Year 9 Science · Unit 1 · Lesson 7
Challenge Worksheet
Learning Goals
Find the mistake
A student wrote this explanation of the body's response to infection
"When a pathogen enters your body, the first line of defence includes phagocytes that immediately swallow the invader. If the pathogen gets past the first line, the second line responds with antibodies produced by B cells, which destroy the pathogen. Fever is a second-line response that directly kills bacteria by overheating them. Pus is made mostly of dead red blood cells that have rushed to the infection site to fight the pathogen. Once all pathogens are cleared, your immune system forgets the infection completely and responds from scratch next time."

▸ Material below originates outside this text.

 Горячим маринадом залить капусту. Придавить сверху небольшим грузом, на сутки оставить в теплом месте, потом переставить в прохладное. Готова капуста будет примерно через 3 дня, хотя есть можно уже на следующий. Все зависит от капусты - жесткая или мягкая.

1. This explanation contains four errors. Identify all four mistakes. List each one clearly.
2. Choose any two of the errors you identified and rewrite those sentences correctly. Use precise scientific language.

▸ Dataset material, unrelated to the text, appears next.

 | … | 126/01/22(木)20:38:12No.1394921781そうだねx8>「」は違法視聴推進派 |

3. Explain why two of the four errors you found are easy mistakes to make. What aspect of how the immune system works makes these misconceptions understandable? Use scientific reasoning in your answer.

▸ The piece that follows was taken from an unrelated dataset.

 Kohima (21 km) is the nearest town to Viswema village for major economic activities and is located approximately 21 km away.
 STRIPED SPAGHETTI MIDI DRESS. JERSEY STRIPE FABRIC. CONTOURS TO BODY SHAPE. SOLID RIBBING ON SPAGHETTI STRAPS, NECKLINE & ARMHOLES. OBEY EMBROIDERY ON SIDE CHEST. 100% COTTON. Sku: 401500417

4. A healthy Year 9 student gets a splinter and develops a small abscess. Using the correct version of the immune response (not the student's flawed version), write a step-by-step account of what is happening from the moment the splinter pierces the skin until the abscess resolves. Include at least one first-line defence and at least three second-line responses (such as inflammation, phagocytosis by neutrophils and macrophages, fever, and complement).
Wrap Up
In one sentence, explain the key difference between what the first line and the second line of defence do when a pathogen enters the body.